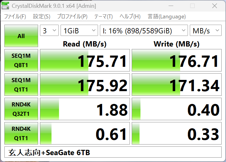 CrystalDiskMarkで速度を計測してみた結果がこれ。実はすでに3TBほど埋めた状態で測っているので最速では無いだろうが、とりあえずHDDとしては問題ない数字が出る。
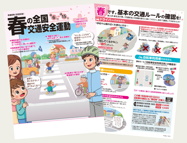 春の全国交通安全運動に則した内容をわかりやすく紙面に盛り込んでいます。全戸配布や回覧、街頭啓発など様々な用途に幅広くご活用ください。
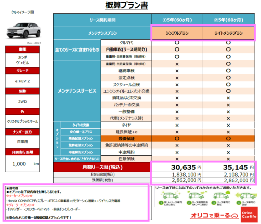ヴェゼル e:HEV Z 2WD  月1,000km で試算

--------------------

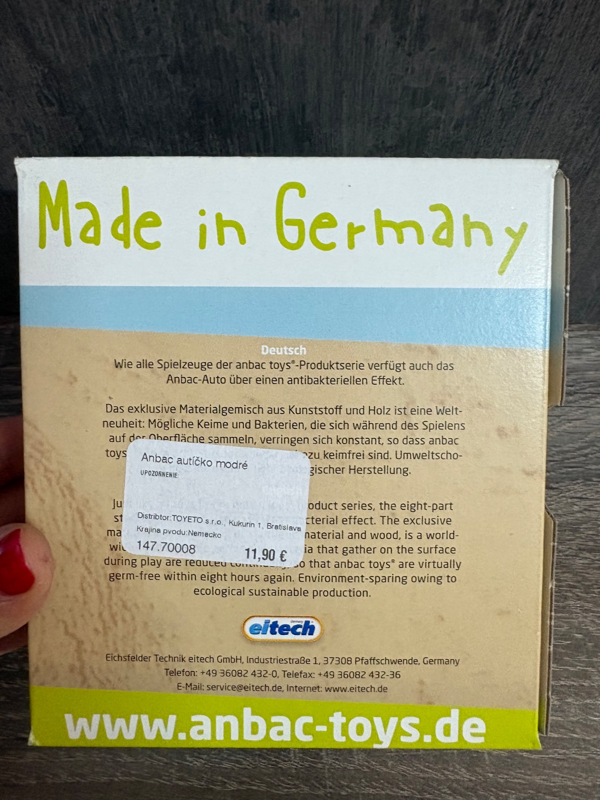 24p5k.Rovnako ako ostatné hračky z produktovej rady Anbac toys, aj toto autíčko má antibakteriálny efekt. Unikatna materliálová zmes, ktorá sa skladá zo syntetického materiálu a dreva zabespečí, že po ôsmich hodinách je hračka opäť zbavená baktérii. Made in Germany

--------------------

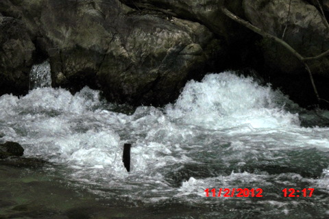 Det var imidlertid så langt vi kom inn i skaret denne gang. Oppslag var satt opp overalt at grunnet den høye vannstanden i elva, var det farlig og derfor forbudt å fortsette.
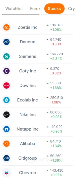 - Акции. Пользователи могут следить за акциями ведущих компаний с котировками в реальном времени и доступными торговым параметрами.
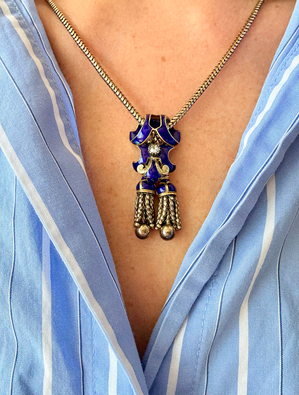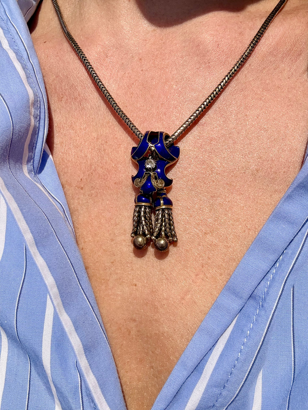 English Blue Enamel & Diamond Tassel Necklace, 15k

--------------------

_Your task:_ Could you transcribe exactly the entries above, but only the lines from the one with "Det var imidlertid" through the one with "English Blue Enamel", and without pictures?

_Response:_
 Det var imidlertid så langt vi kom inn i skaret denne gang. Oppslag var satt opp overalt at grunnet den høye vannstanden i elva, var det farlig og derfor forbudt å fortsette.
 - Акции. Пользователи могут следить за акциями ведущих компаний с котировками в реальном времени и доступными торговым параметрами.
 English Blue Enamel & Diamond Tassel Necklace, 15k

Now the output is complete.